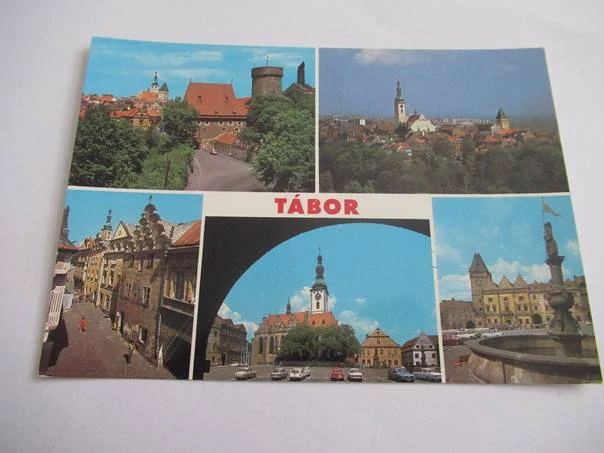 Tábor - zbytky středověkého opevnění, celkový pohled, Pražská ulice, Žižkovo náměstí, radnice s kašnouSkladem 1 ks40 Kč/ ks
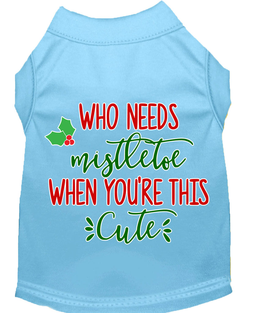 Who Needs Mistletoe Screen Print Dog Shirt Baby Blue Xl
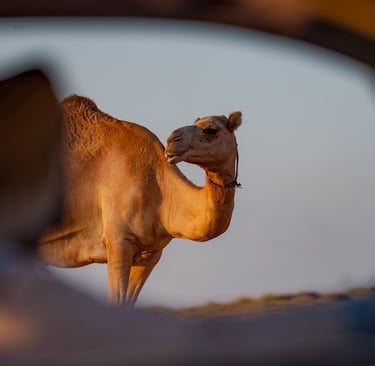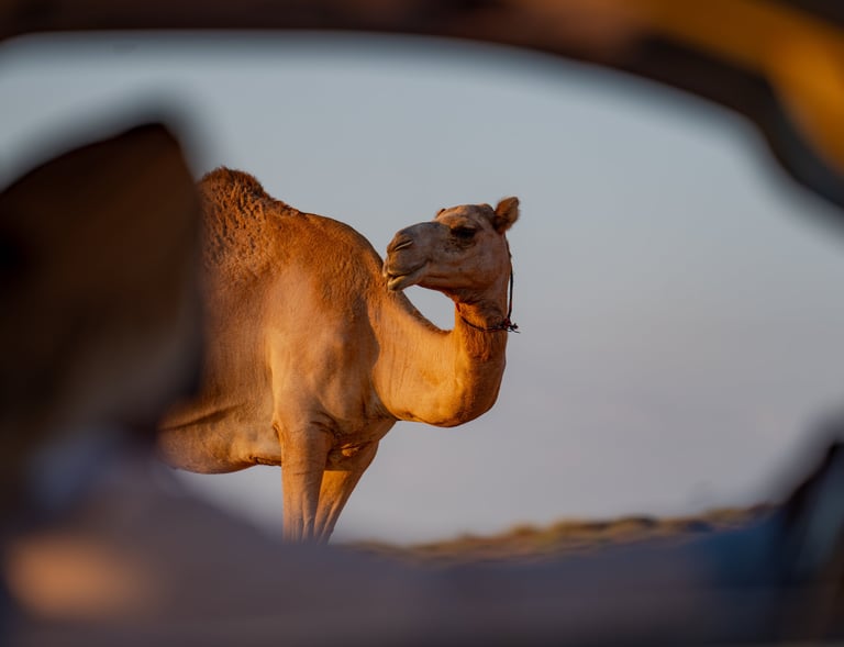 Relax and watch the camels stroll by, far away from the busy city life. The sunsets here are truly stunning, filling the sky with beautiful colors.

### Instructions for the task
Leave the images aside and retype each line of the listing above exactly.

### Output
 Tábor - zbytky středověkého opevnění, celkový pohled, Pražská ulice, Žižkovo náměstí, radnice s kašnouSkladem 1 ks40 Kč/ ks
 Who Needs Mistletoe Screen Print Dog Shirt Baby Blue Xl
 Relax and watch the camels stroll by, far away from the busy city life. The sunsets here are truly stunning, filling the sky with beautiful colors.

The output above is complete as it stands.